Statistics: Every eighth tenant is overburdened with housing costs

Statistics: Every eighth tenant is overburdened with housing costs

Living makes you poor, because of the exploding energy prices. And even before the current price shock, many households had to struggle.

Even before the current energy price shock, every eighth person living in a rented apartment was overburdened with housing costs. Last year, 12.8 percent of tenants in Germany had to spend more than 40 percent of their disposable income on housing, as reported by the Federal Statistical Office on Friday.

In view of the drastic increase in energy costs, including the gas levy, social organizations expect millions of citizens to find themselves in existential need and are calling for significant state intervention.

“The problem is that the costs of living cannot be saved. Everyone needs a roof over their heads, they have to heat, wash and cook,” says Verena Bentele, president of the VdK social association. Then there are the more expensive groceries. Bentele demands protection against terminations for everyone who cannot pay rent or operating costs in one fell swoop. “No one should end up on the street.”

On average, people in Germany spent 23.3 percent of their income on housing last year, and 27.6 percent for tenants. They make up a little more than half of the total German population, a top value in Europe. Above all, low-income tenant households have long been suffering from the strong cost pressure. According to the statistics, more than a third (36.2 percent) of people in the bottom fifth of the income bracket lived in a constantly financially overburdened household in 2021.

High rent burden contributes to poverty risk

“The mixture of skyrocketing living costs and excessive income wastage due to the rent burden is a real risk of poverty,” says General Manager Ulrich Schneider from the Paritätischer Gesamtverband. He is also committed to a comprehensive electricity, energy and rental moratorium. “There is also an urgent need for comprehensive help for people on low incomes by increasing and expanding housing benefits.”

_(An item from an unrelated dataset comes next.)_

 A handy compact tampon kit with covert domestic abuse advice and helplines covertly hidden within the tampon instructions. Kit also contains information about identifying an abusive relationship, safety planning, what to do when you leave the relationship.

The Darmstadt professor Anne Lenze warned a few days ago on the occasion of the poverty statistics. “It hits those hardest who already have little.” People with low incomes already spend a large part on housing and food. Saving or limiting yourself, for example when visiting restaurants or traveling, is not possible for them. Since most people also live in poorly insulated apartments, they would be fully impacted by higher energy costs. Poverty in terms of energy and food could become a social issue of this decade, says poverty researcher Christoph Butterwegge.

Tenants’ association demands rent freeze

The really big price jumps will only come in 2023 with the subsequent utility bills, warns Tenant Association President Lukas Siebenkotten. He expects additional pressure on rents without taxes because new housing construction is literally collapsing. “The traffic light government’s strategy of finally taking the pressure off the housing market through new construction is not working, at least for the time being.” A nationwide freeze on rents, the punishment of usury and the introduction of a new non-profit housing scheme are needed.

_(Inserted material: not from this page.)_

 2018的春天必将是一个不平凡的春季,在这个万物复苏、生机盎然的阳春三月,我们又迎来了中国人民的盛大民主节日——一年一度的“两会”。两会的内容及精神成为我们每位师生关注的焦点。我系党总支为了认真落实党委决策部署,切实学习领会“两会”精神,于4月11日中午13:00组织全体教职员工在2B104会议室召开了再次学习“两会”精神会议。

In addition, the federal government and other public bodies would have to increasingly buy up former social housing, the tenants’ association demands. According to IG BAU, the promised federal funds of 14.5 billion euros by 2025 are by no means sufficient to actually complete 100,000 subsidized new apartments every year. The union therefore wants additional investment grants and tax breaks for permanently price-controlled housing. In addition, new apartments would have to be created in the existing building. The conversion of offices that are no longer needed alone could bring 1.9 million new apartments, says IG-BAU boss Robert Feiger.

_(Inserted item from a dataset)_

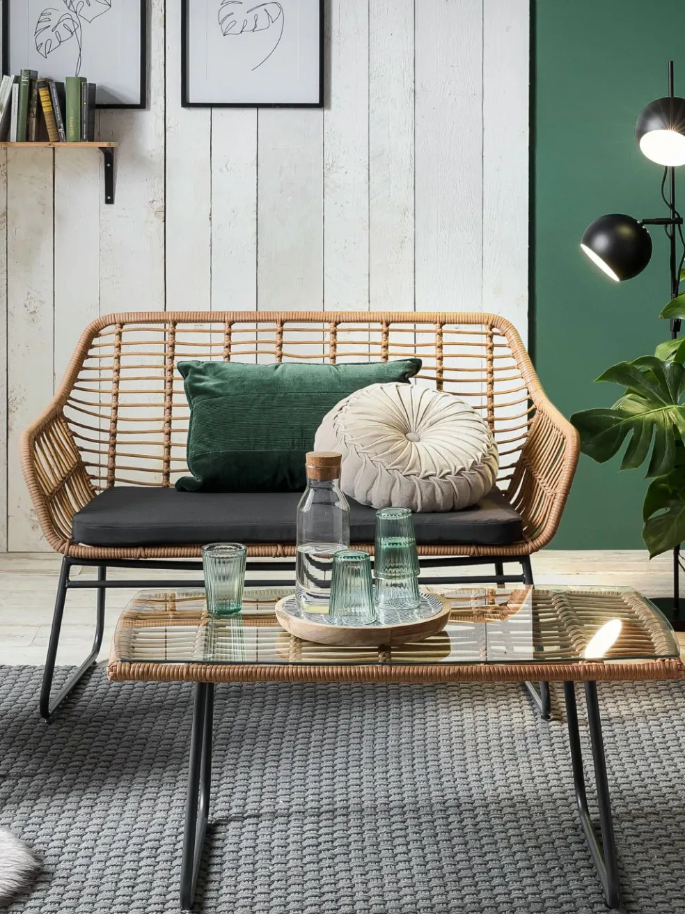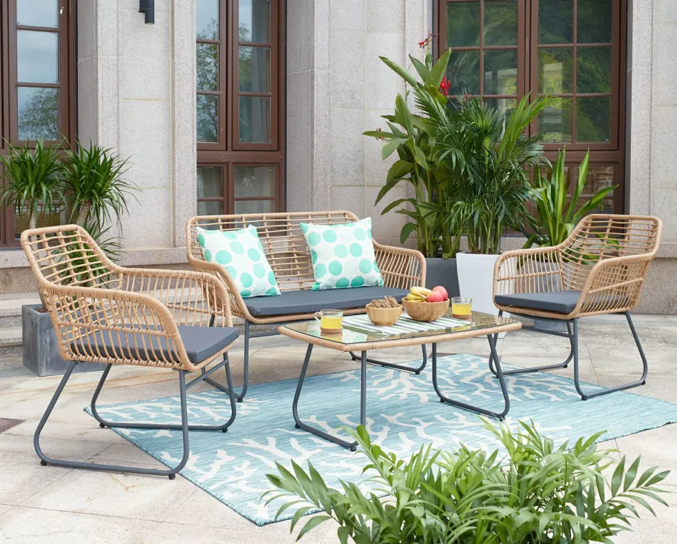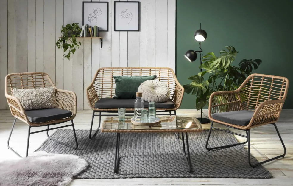 Banquette, table et chaises en poly rotin ton naturel

In addition, the situation is aggravated by the modernization of the building stock, which is urgently needed from an ecological point of view. The costs could not be passed on to the tenants alone, say the union and tenants’ association. They propose a third model in which owners, the public sector and tenants share the renovation costs. The Haus und Grund owners’ association also sees it this way: “It’s a joint task for owners, tenants and the state. It won’t work without noticeable state support, but – in the case of rented buildings – not without the participation of the tenants either.”